• _The data_:

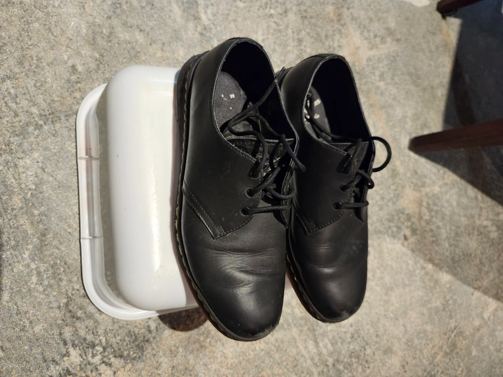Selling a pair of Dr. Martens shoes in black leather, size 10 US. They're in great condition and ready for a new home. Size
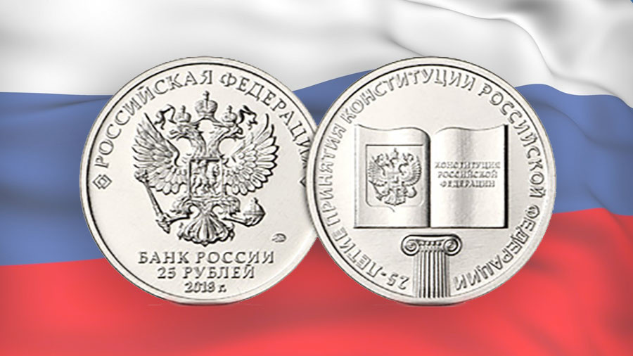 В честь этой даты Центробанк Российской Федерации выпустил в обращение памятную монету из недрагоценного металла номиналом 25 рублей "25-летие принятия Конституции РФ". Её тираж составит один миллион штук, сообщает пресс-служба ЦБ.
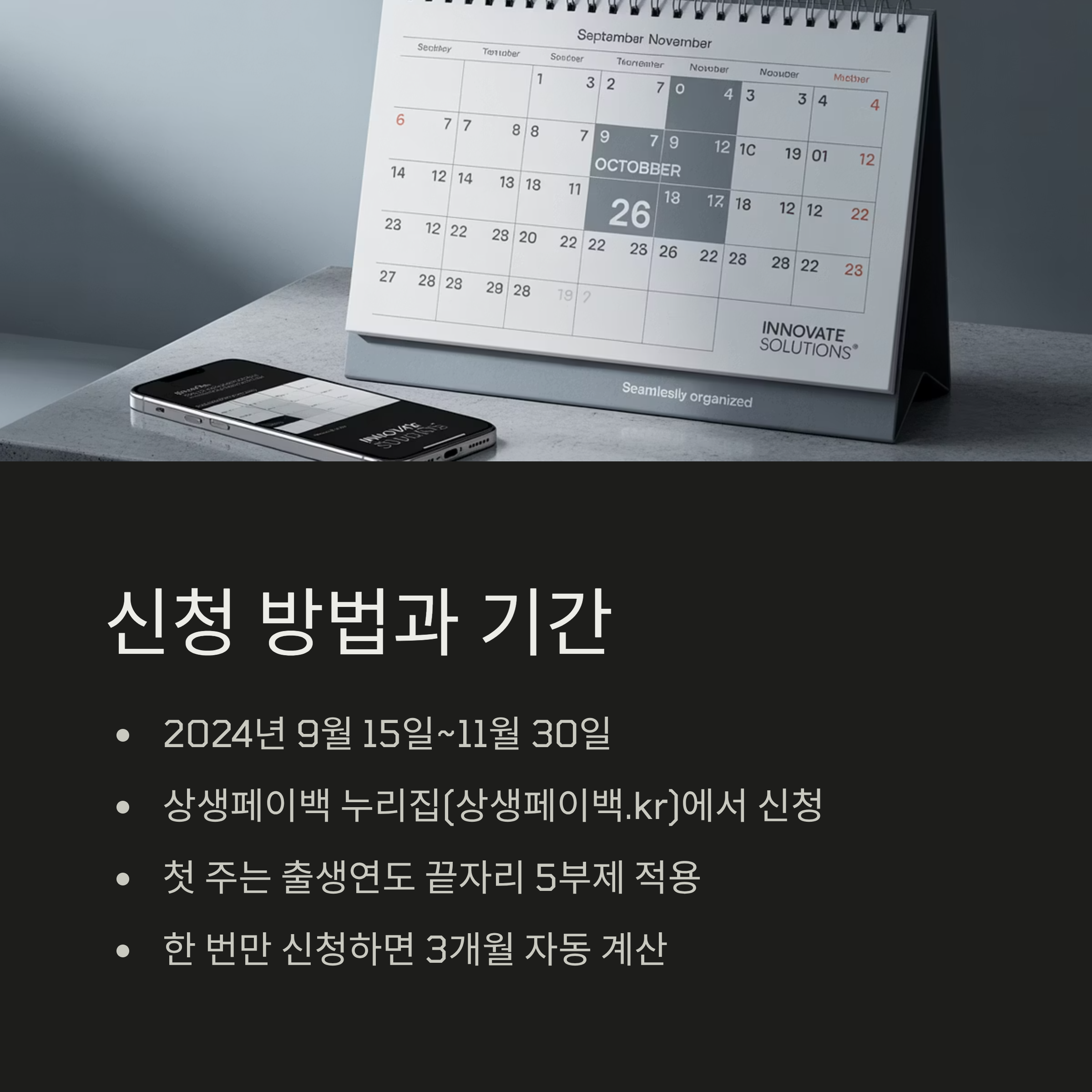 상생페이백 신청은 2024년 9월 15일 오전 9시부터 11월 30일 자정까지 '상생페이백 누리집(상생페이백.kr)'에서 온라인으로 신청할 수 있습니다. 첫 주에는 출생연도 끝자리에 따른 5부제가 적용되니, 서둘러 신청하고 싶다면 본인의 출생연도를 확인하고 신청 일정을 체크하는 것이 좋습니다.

...

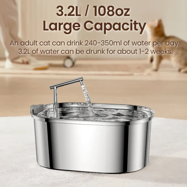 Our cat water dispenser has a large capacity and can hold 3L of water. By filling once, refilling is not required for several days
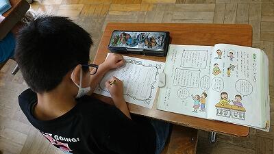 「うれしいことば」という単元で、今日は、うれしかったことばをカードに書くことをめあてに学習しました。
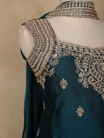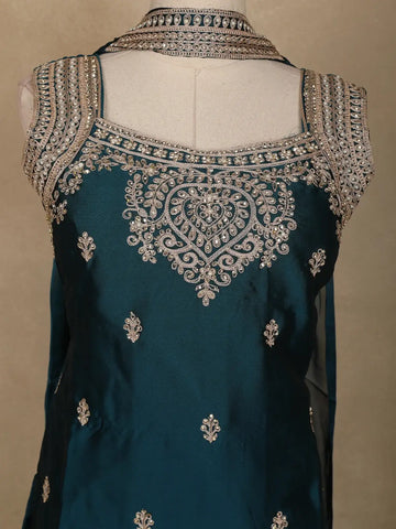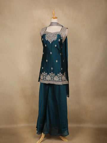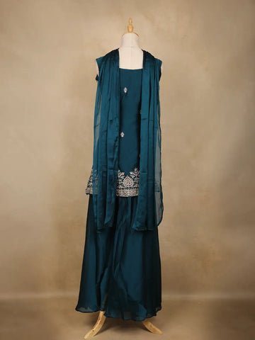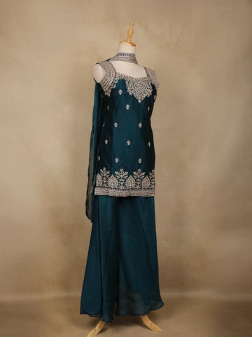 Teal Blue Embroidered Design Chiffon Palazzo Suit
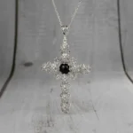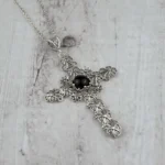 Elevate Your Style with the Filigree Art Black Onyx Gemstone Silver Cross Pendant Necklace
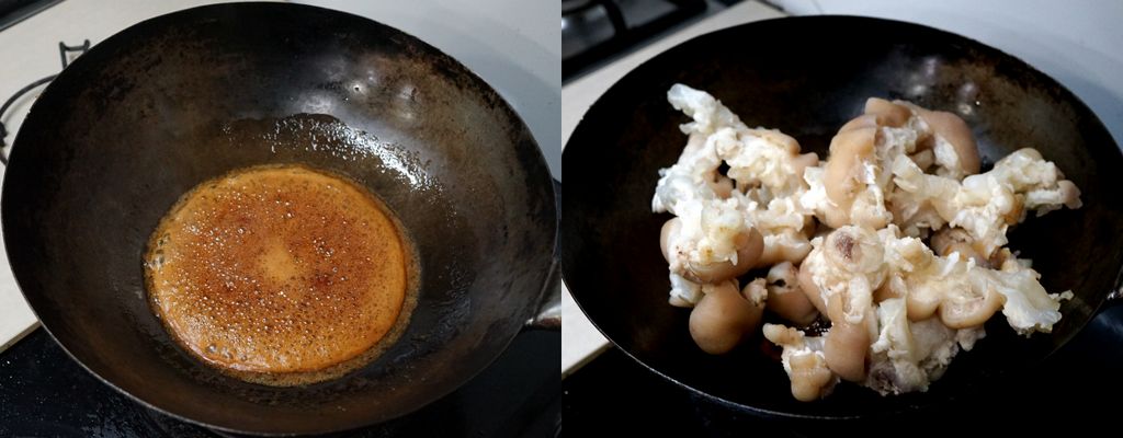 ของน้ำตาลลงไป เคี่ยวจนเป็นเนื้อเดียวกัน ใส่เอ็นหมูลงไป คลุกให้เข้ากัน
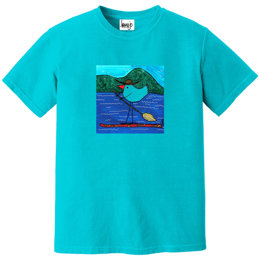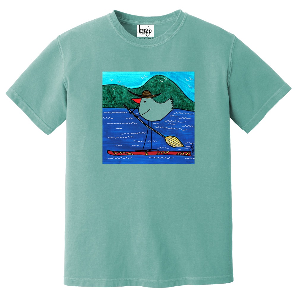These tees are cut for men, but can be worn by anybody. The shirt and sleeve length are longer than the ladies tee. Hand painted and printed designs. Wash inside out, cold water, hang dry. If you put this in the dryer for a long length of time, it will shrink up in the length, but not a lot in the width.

• _Work order_: Please return the data above exactly as it stands from the line with "Elevate Your Style" to the line with "ของน้ำตาลลงไป เคี่ยวจนเป็นเนื้อเดียวกัน ใส่เอ็นหมูลงไป", keeping both of those lines but none of the pictures.

• _Task answer_:
 Elevate Your Style with the Filigree Art Black Onyx Gemstone Silver Cross Pendant Necklace
 ของน้ำตาลลงไป เคี่ยวจนเป็นเนื้อเดียวกัน ใส่เอ็นหมูลงไป คลุกให้เข้ากัน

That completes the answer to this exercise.